What this study brings to the table is evidence from core samples for one specific route.

While the precise route is debated, both agree that vast amounts of freshwater ended up disrupting ocean circulation.

What does this mean for us?

Sitting in Greenland is a vast reservoir of frozen freshwater. In a warming world that gives us an ever increasing flow of meltwater then that could once again potentially disrupt the ocean circulation. It would not be on the same scale as that ancient flood because it is simply not as large a source, and yet looking back we can potentially learn about what may yet come.

The deep irony is that global warming could lead to cooling in some regions, and yet longer term the global warming might in turn offset that and even overtake it.

There is existing evidence that the Atlantic circulation has already weakened and that this is ongoing …
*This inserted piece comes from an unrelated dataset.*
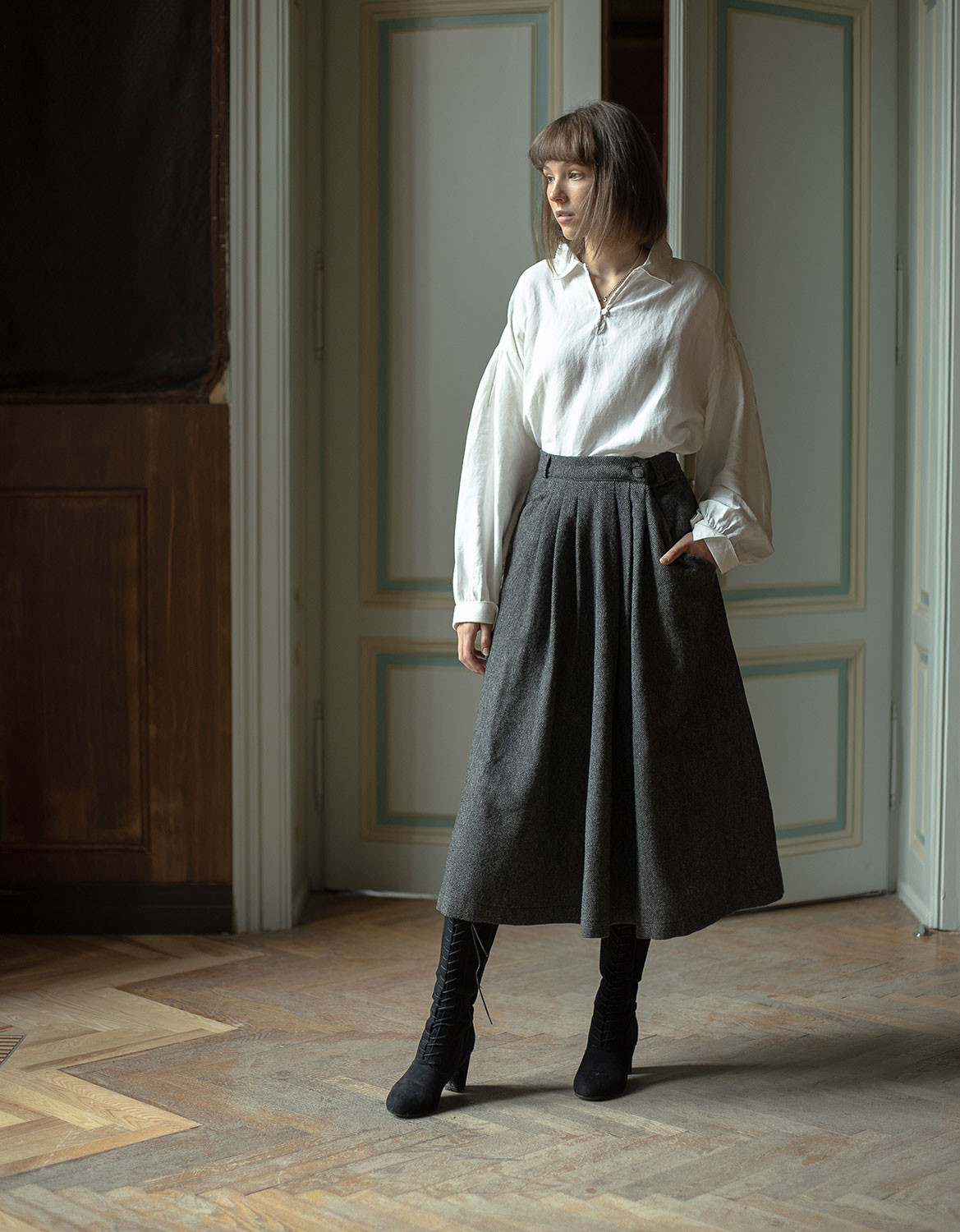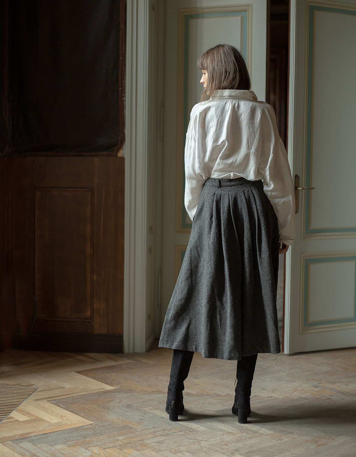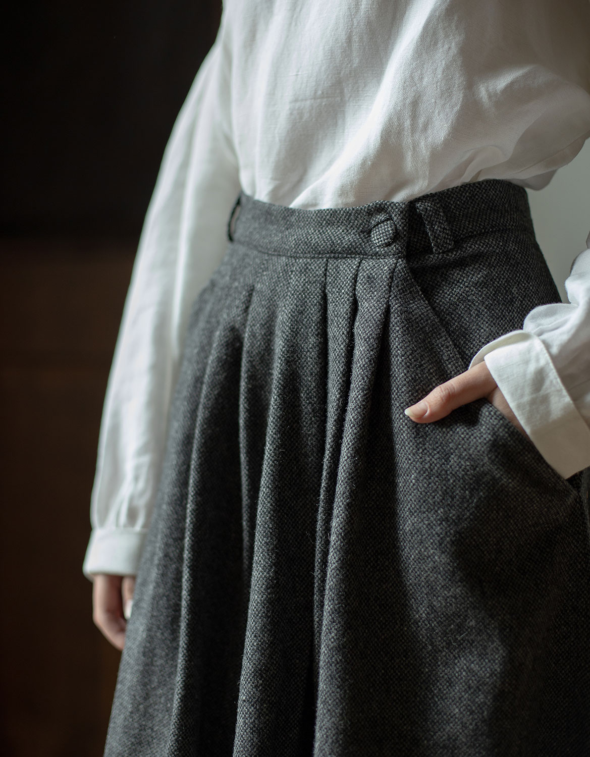 Description : Jupe évasée taille haute à pinces en 100% pure laine tweed avec poches. Fermeture croisée devant. Version améliorée avec une fermeture éclair cachée pour compléter la poche cotée gauche.

Two new and quite independent studies have been published in Nature with some rather dire news concerning a slowdown of ocean circulation due to climate change.

Both concern the Atlantic meridional overturning circulation (AMOC) that is perhaps better known as a Gulf Stream.

The first provides direct evidence that it has slowed down by 15% since the mid twentieth century. The second provides evidence that it is now weaker than at any other time over the past 1,500 years

Should we be worried?

Basically yes, and more than a little bit of worry is wholly appropriate. The evidence merits it.